Test più diffusi all'inizio della pandemia avrebbero limitato i danni: "Fino a marzo 2020 rilevato solo il 3% delle infezioni"
Pubblicata su Nature un'indagine internazionale cui hanno contribuito anche ricercatori della fondazione Kesler e dell'Isi di Torino: il sars-cov-2 presente in varie aree di Europa e Stati Uniti già prima della fine di gennaio dello scorso anno
TRENTO. Il covid è stato introdotto in diverse aree dell'Europa e degli Stati Uniti prima della fine di gennaio 2020 e la sua diffusione nei primi tre mesi del 2020 è stata in gran parte non rilevata, a causa della limitata capacità di identificare e testare i casi sospetti in quel periodo.
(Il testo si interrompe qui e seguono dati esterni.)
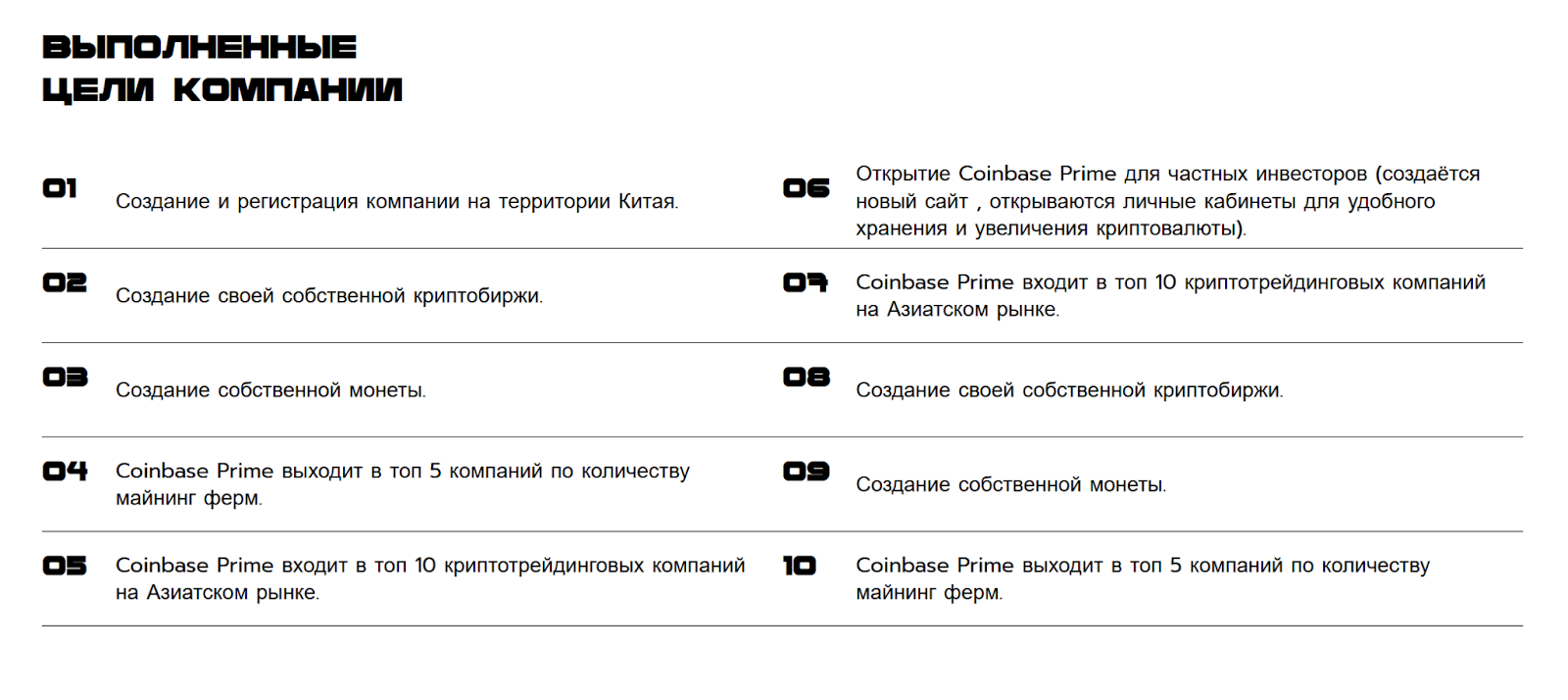 В описании говорится о начале деятельности Коинбейз Прайм с 2012 года. Создатели указывают, что начало положила определенная идея. Правда, какая-либо конкретика в этом отношении отсутствует.

Solo l'1-3% circa delle infezioni è stato rilevato in queste aree fino a marzo 2020.
Emerge da uno studio pubblicato su Nature a cui hanno contributo anche la Fondazione Isi di Torino e la Fondazione Bruno Kessler di Trento.
Gli autori suggeriscono che test più diffusi e criteri di test più ampi potrebbero aver consentito un rilevamento e interventi precoci per prevenire la diffusione del virus.
L'analisi indica che all'inizio di marzo 2020 circa 9 infezioni su 1.000 sono state rilevate negli Stati Uniti e 35 su 1.000 in Europa.
Le stime sui tempi di introduzione variano in base al paese o allo stato.
Secondo lo studio è probabile che la trasmissione sia iniziata verso la fine di gennaio in California e all'inizio di febbraio nello stato di New York, ma forse fino a due settimane prima in Italia.
Non si può escludere la possibilità di eventi di introduzione e trasmissione già a dicembre 2019, sebbene la probabilità sia molto contenuta.
Sia in Europa che negli Stati Uniti - rilevano i ricercatori - l'introduzione di Sar-CoV-2 dalla Cina è stata importante solo nella primissima fase dell'epidemia.
Con l'evolvere dell'epidemia è diventato sempre più rilevante il contributo delle introduzioni domestiche, che hanno contribuito a sincronizzare le epidemie nei diversi stati di Europa e Stati Uniti.